Mortgage Electronic Registration System, Inc. v. Patock

310 F. App'x 542
CourtCourt of Appeals for the Third Circuit
DecidedFebruary 12, 2009
Docket08-2165
StatusUnpublished

This text of 310 F. App'x 542 (Mortgage Electronic Registration System, Inc. v. Patock) is published on Counsel Stack Legal Research, covering Court of Appeals for the Third Circuit primary law. Counsel Stack provides free access to over 12 million legal documents including statutes, case law, regulations, and constitutions.

Bluebook
Mortgage Electronic Registration System, Inc. v. Patock, 310 F. App'x 542 (3d Cir. 2009).

Opinion

OPINION OF THE COURT

FISHER, Circuit Judge.

In this foreclosure action, defendants Clearview Financial, LLC (“Clearview”) and Plaatsdale Associates, LLC (“Plaats-dale”) argue that the District Court erred by ordering that any foreclosure sale surplus remaining after applying the sale proceeds to satisfy the judgment in favor of plaintiff Mortgage Electronic Registration Systems, Inc. (“MERS”) be distributed to defendants Frank Patock and Douglas Lynch, the holders of the equity of redemption. For the reasons set forth below, we will reverse that portion of the judgment ordering the surplus distribution and remand this case to the District Court for proceedings in accordance with this opinion.

I.

We write exclusively for the parties, who are familiar with the factual context and legal history of this case. Therefore, we will set forth only those facts necessary to our analysis.

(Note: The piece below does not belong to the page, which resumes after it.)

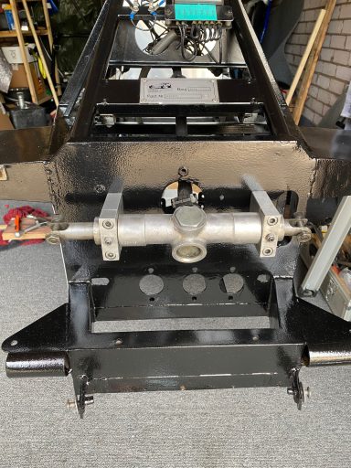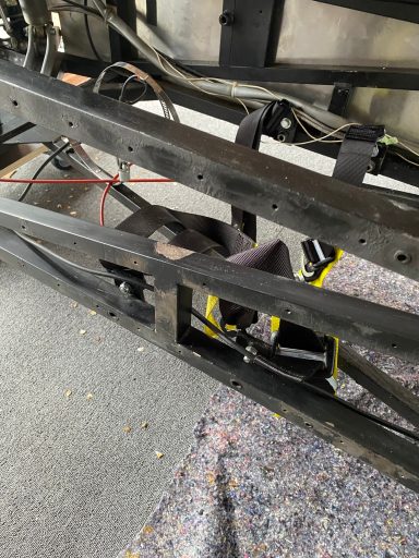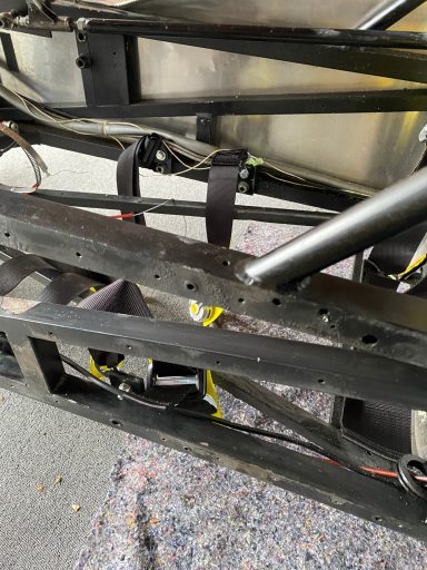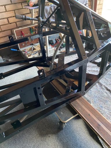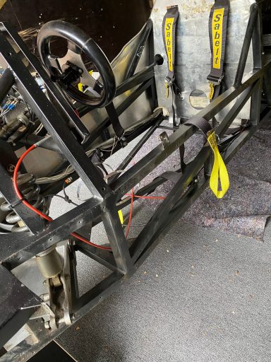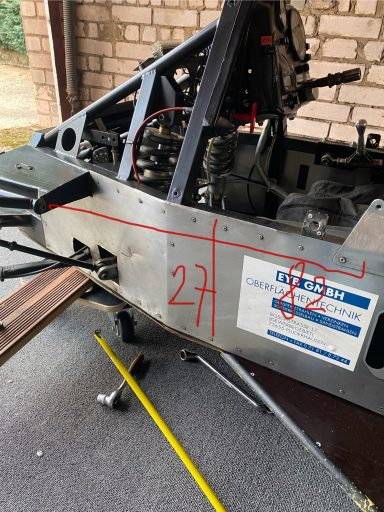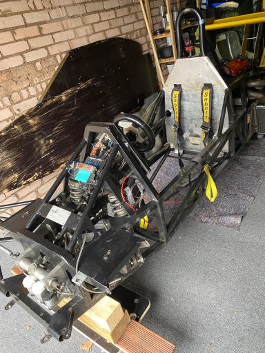 Das Chassis des Formel König befand sich zunächst in einem stark verschmutzten, unbehandelten Zustand. Die Aluminiumbeplankung war teilweise oxidiert, die Struktur zeigte Staub, Öl- und Schmutzablagerungen aus den vergangenen Jahren. Nach vollständiger Demontage und Reinigung wurde der Rahmen sorgfältig entfettet, angeschliffen und anschließend neu lackiert. Der frische, tiefschwarze Lack verleiht dem Gitterrohrrahmen wieder den originalen Werkscharakter und schützt gleichzeitig dauerhaft vor Korrosion.

Patock and Lynch executed three mortgages on a parcel of real property that they owned, described as Parcel No. 157 Chocolate Hole, No. 11 Cruz Bay Quarter, St. John (“Parcel No.'157”), located in the United States Virgin Islands. First, on January 16, 2004, Patock and Lynch executed a promissory note with Flagstar Bank, FSB (“Flagstar”), in the amount of $640,000, plus interest, secured by a mortgage on Parcel No. 157 (“First Mortgage”). The First Mortgage was recorded with the Office of the Recorder of Deeds for the District of St. Thomas and St. John (“Recorder of Deeds”) on January 21, 2004.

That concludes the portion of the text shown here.